A short walk out Market street takes you to the Civic Center, with the City Hall, Library, Auditorium and State Building grouped about a formal garden. The War Memorial, with its Opera House and American Legion Museum, will face the City Hall on Van Ness avenue.
Fronting the Pacific, San Francisco, which covers a trifle over 42 square miles of territory, has an ocean beach extending for three miles on its western boundary and overlooked by automobile highways. Street cars, starting at the Ferry Building, arrive at the beach after traversing residence districts and scenic routes, unfolding views of hills, forests, parks, forts, lighthouses and seals on rocks lashed by surf.
Between the Ferry Building and the ocean front—what a sweeping canvas it would take to suggest all this even in broad outline!
The “ships, towers, domes, theatres” which Wordsworth saw from Westminster Bridge in London are here, and so are the added motifs of San Francisco’s own song of seduction.
Ever has the glamour of the sea enveloped San Francisco.

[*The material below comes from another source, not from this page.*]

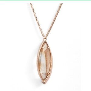 Kendra Scott Milla Mother of Pearl Gold Thick Slide Necklace. Very unique and stylish piece to add to your collection. Length of chain is 32". Overall pendant size is 2.5" x 7/8" including bail. Type of chain. Gold toned. Comes with jewelry dust bag. Item in good condition. It does show some wear. See photos. No known defects.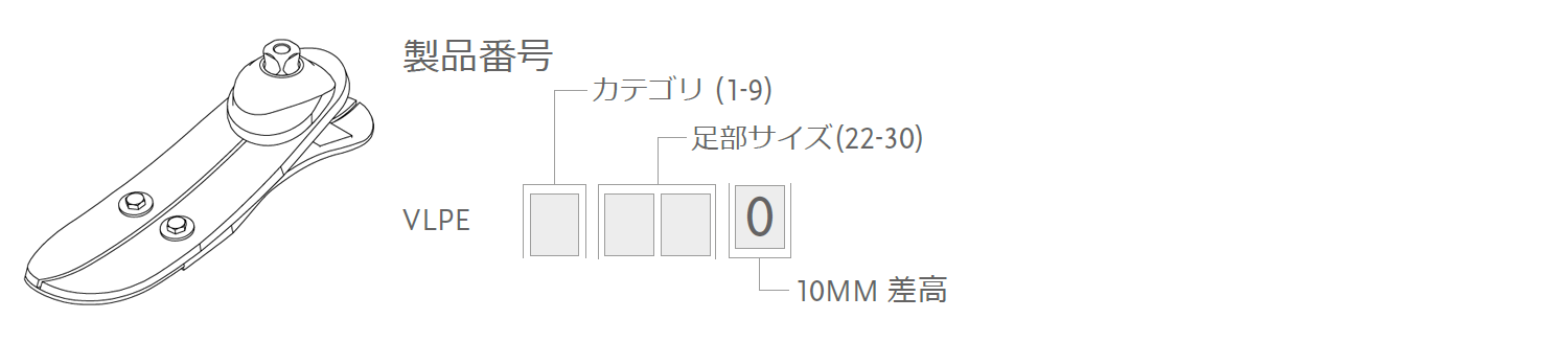 *x=カテゴリ(1-9)y=足部サイズ(22-30)※カテゴリ3、足部サイズ26の場合はVLPE3260となります。

From the sea came Don Juan Manuel Ayala in the San Carlos in 1775, charting a course through the fog and opening the Golden Gate. From the, sea also came the Argonauts, transforming the somnolent Yerba Buena into the city, of San Francisco. And from the sea, up to the time of the railroad, came practically all of the goods with which the merchants of the city did business. Today with the sea ebbs and flows the tide of wealth that makes San Francisco the key port of the Pacific. The banks and exchanges of California and Montgomery streets, the foreign trade and insurance offices of Pine street, the downtown skyscrapers—all reflect in some way San Francisco’s debt to the sea.
From the sea also comes health. The breezes that blow from it and the fogs that drift down over the ridges combine to give San Francisco a paradoxical climate—winters as warm as those in the south and summers that are matchless for their exhilarating coolness.

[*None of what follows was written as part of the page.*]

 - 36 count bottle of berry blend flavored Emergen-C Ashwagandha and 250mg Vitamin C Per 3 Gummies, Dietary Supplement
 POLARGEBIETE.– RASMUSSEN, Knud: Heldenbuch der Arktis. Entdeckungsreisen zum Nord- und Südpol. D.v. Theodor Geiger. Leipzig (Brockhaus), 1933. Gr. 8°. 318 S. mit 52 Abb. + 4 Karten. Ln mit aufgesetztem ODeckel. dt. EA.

San Francisco shows a higher per capita industrial output than any other American city of its class because of its ideal working conditions.

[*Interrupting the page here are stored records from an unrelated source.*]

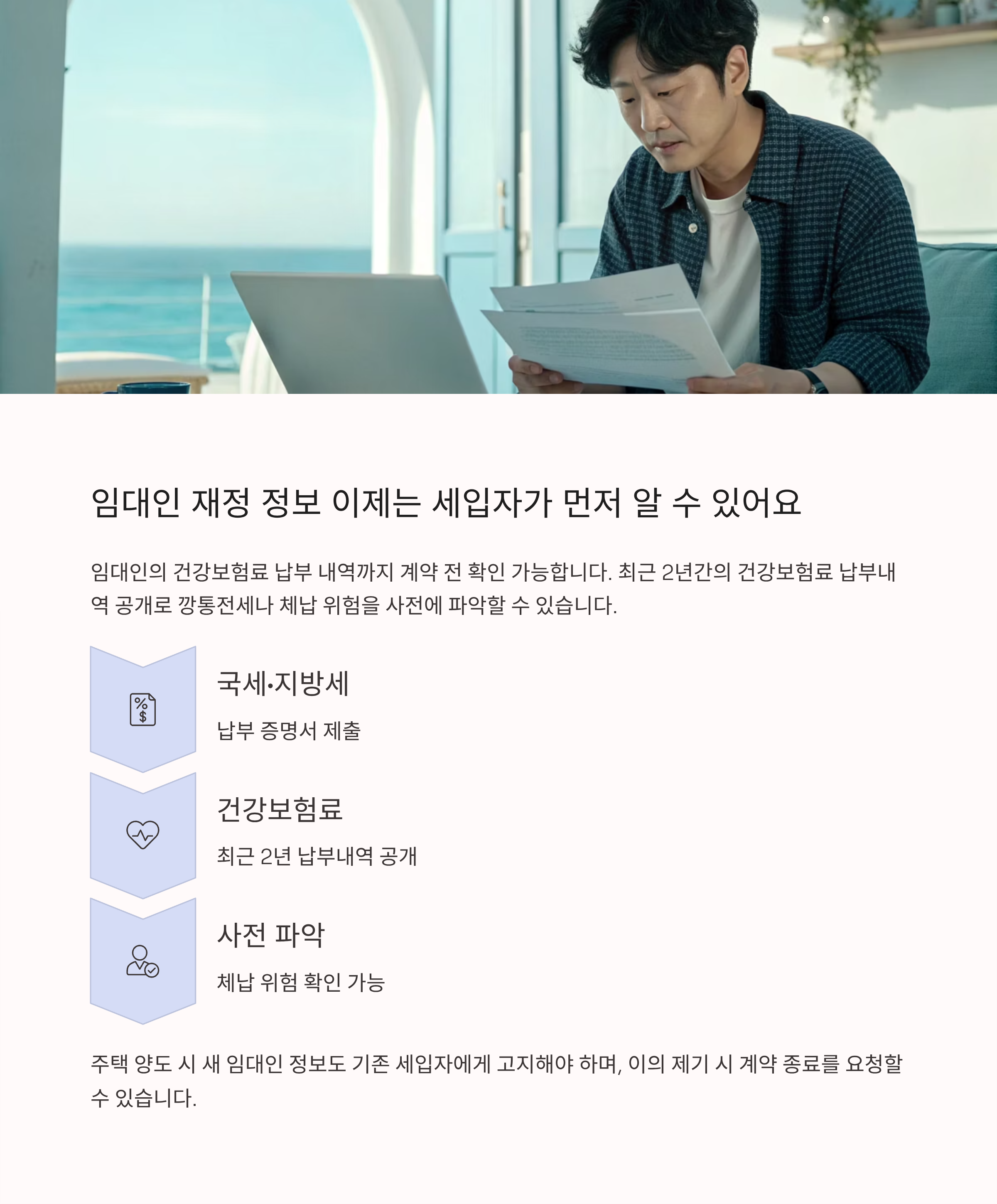 | 임대인 정보 공개 | 세금 납부 증명서만 제출 | 건강보험료 납부 내역까지 확대 |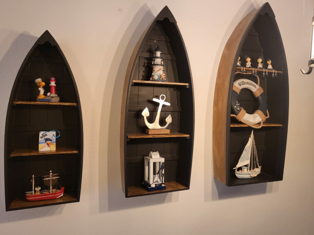 Egal, ob du eine kleine Ecke verschönern möchtest oder eine ganze Wand in deinem Wohnzimmer gestalten willst, das Regal “Ruderboot” passt sich deinen Bedürfnissen an. Wähle aus den verschiedenen Größen oder kombiniere sie zu einem beeindruckenden Gesamtbild. Jedes Regal ist dabei mehr als nur ein Aufbewahrungsort; es ist eine Bühne für deine wertvollsten Erinnerungen und Geschichten.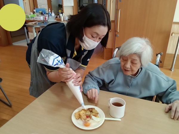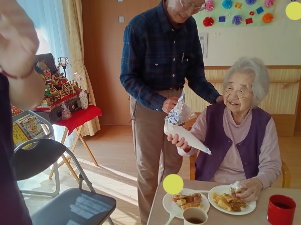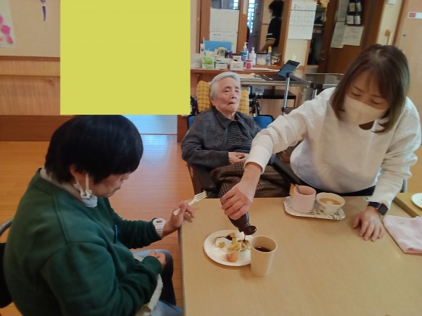 先日、利用者様とスタッフで「特製ホットケーキパフェ」作りに挑戦しました(*^^)v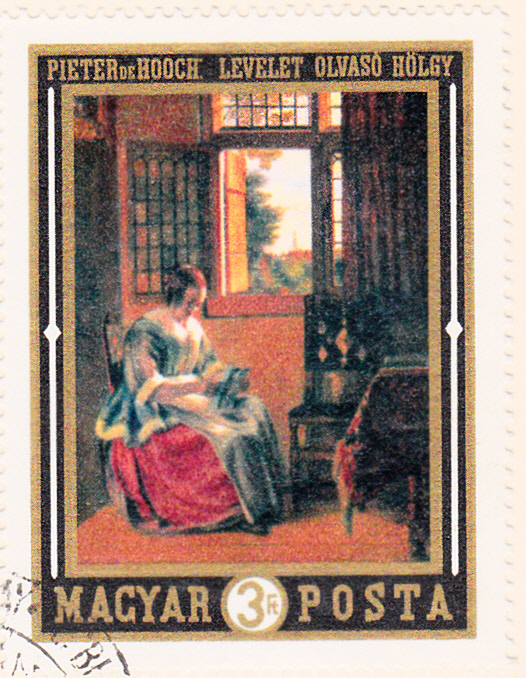 In einer Serie "Gemälde holländischer Meister" ist in Ungarn auch eine Marke (MiNr 2559 A) mit dem Gemälde "Lesende" von Pieter de Hooch erschienen. Hier wurde eine Marke auf einem Brief mit Einschreiben nach Deutschland zur Frankatur verwendet. Die Marke gibt es auch geschnitten. Rückseitig wurden zwei Marken zur Vervollständigung des Portos verklebt.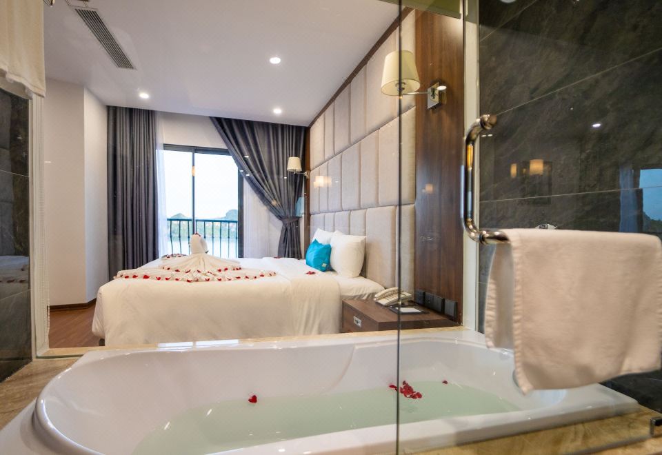 새롭고 현대적인 시설을 선호하거나, 하롱베이의 드라마틱한 경관을 눈에 담고 싶다면 다른 두 호텔을 고려해 볼 수 있습니다. 2025년에 문을 연 그린 드래곤 부티크는 넓고 깨끗한 객실과 신선한 시설이 강점입니다. 특히 일부 객실에서는 바다 전망 또는 아름다운 석회석 호수 전망을 제공합니다. 꽝닌 박물관에서 23km 거리에 위치하며, 야외 수영장을 갖추고 있어 쾌적한 휴가를 보낼 수 있습니다.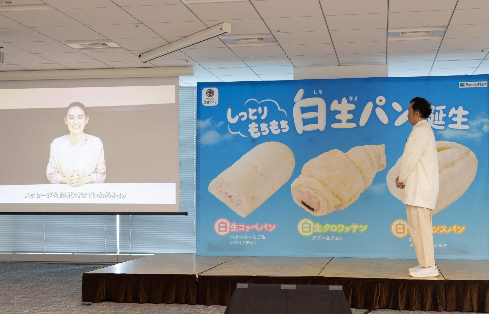 新TVCMで共演した八木莉可子さんからのスペシャルメッセージが到着し、吉田さんの応援メッセージとともに、吉田さんへの”ある”プレゼントが送られるサプライズが行われました。CMの空に浮かぶ雲が「白生パン」に見えたストーリーにちなみ「雲形のアイマスク」がプレゼントされ、戸惑う吉田さん。八木さんからの無茶ぶりで「利き白生パンゲーム」に挑戦することに。目隠し状態で様々なファミマのパンの中から「白生コッペパン(つぶつぶいちご&ホワイトチョコ)」を当てるというミッションに、吉田さんも「絶対に外すわけないです!」と自信満々でチャレンジし、見事に当てる姿に会場も盛り上がりました。正解した「白生コッペパン(つぶつぶいちご&ホワイトチョコ)」を食べ、「めちゃくちゃ美味しいですね。一口食べただけでしっとりもちもち食感と、クリームとの相性の良さがわかります!」とコメントしました。

A city conscious of its obligation to the sea, San Francisco has always been interested in its waterfront, which perpetuates Spanish origins in its expressive name of Embarcadero—the embarking place.
The skyline of the city is no longer stenciled by the towering masts of sailing ships discharging or loading cargo, or lying in the stream or in Richardson’s Bay awaiting charters, as in the days when wheat was king of California’s great central valley. The virility of the waterfront of San Francisco, however, is as persistent as in the age that provided Frank Norris with his epic themes.